St. Nick's Park appeared under sky I think looked so blue because of the hill's angle. The staircase I climbed cast zigzag shadows. Instincts led through City College campus right to Cohen Library. A guard I talked to winced at questions. A Serbian couple wore swishy athletic suits. The boy tried to pry our elevator open. The girl had such a charming face. When they got off one flight up I continued ascending with somebody meek but can't really remember this.

The circulation guy forgot to scan Cameraworks, but I headed through sensors anyway. I liked the Bangladeshi clerk for his threadbare cardigan and slender fingers. An alarm went off. I rolled my eyes. The escalator dropped beneath giant photographs of young black people perched in windows—the Ô69 student takeover. TV monitors produced a drowning sensation. Back on Convent I gave myself a pep talk (aloud) about how silly it is to think the same thought twice. I saw Ward's Island Bridge arcing west toward Spanish Harlem. A woman climbed a ramp in an electric cart. She joked with whoever had held the door, cruised off with a curve that seemed to say See you later.

Fenced pits lay abandoned at 129th. Trash floated (mostly 16-ounce bottles). Two police cars honked as if I hadn't seen them coming. I blinked and kicked some ice which ended up being thick crystal glass. I was having a moment where my hands feel unbearably hot inside gloves.

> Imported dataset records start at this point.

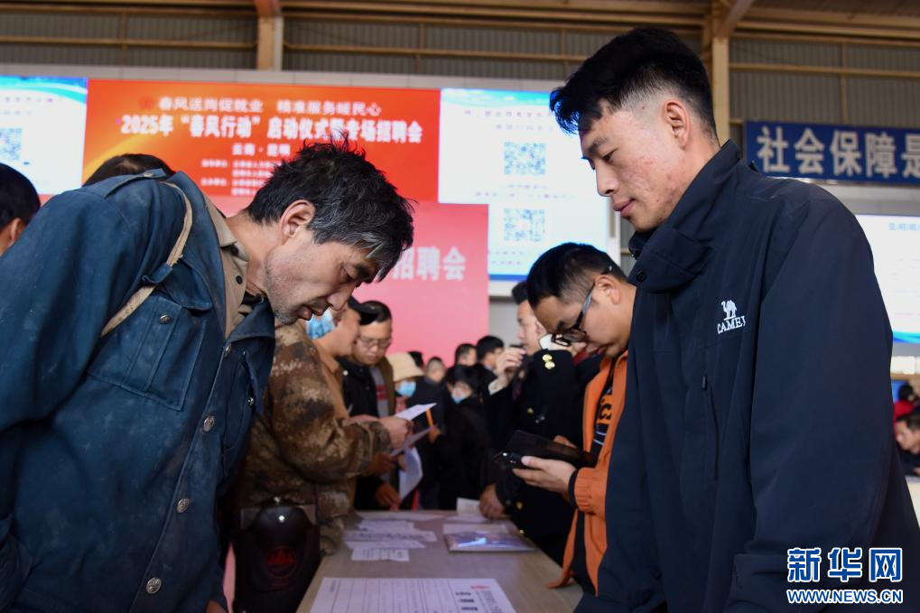 求职者在昆明市2025年“春风行动”启动仪式暨专场招聘会的展位前咨询岗位。新华社记者 熊轩昂 摄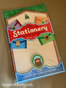 1. We got this stationary set at The Discovery, in Reno, NV. It’s a perfect way for the kids to keep in touch with our friends and family. The sets came in different themes and, of course, I got the “Camp Out” set.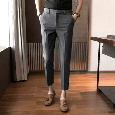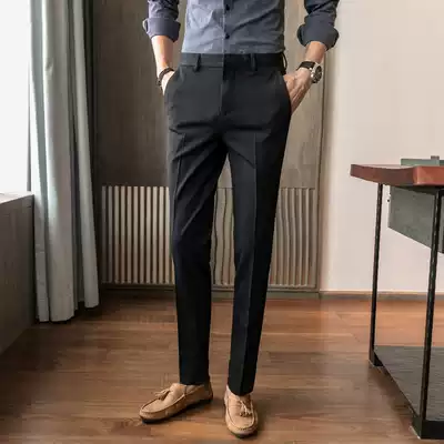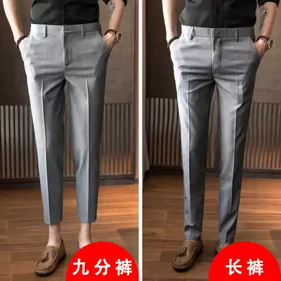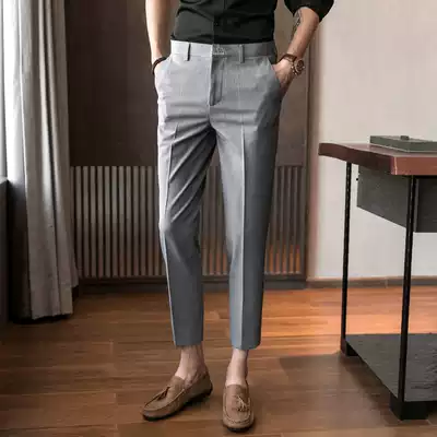 Spring and autumn trousers men's casual hanging trousers slim height ankle-length pants straight tube business dress suit suit suit pants tide tide

At 118th a black girl in mauve got so transfixed by a flabby construction guy's stare. A svelte woman stepped down from a church. I felt like a creep for checking her out. She'd probably attended a funeral unless this was Easter weekend or somehow Easter-related. Men above spoke kindly but to me they were a wall.

Ragtime drifted through a windowpane. A shy boy asked if the key-cutting store was open yet. The shaved-bald clerk replied We're open open. Women with Watchtowers sensed I wasn't interested. Both faces slackened.

Central Park stood white and blank. It's strange no one lives in the building next to ours. In the hall Luis and Frankie pushed refrigerators. I slunk past before they could pause in the extra inch my doorway provides.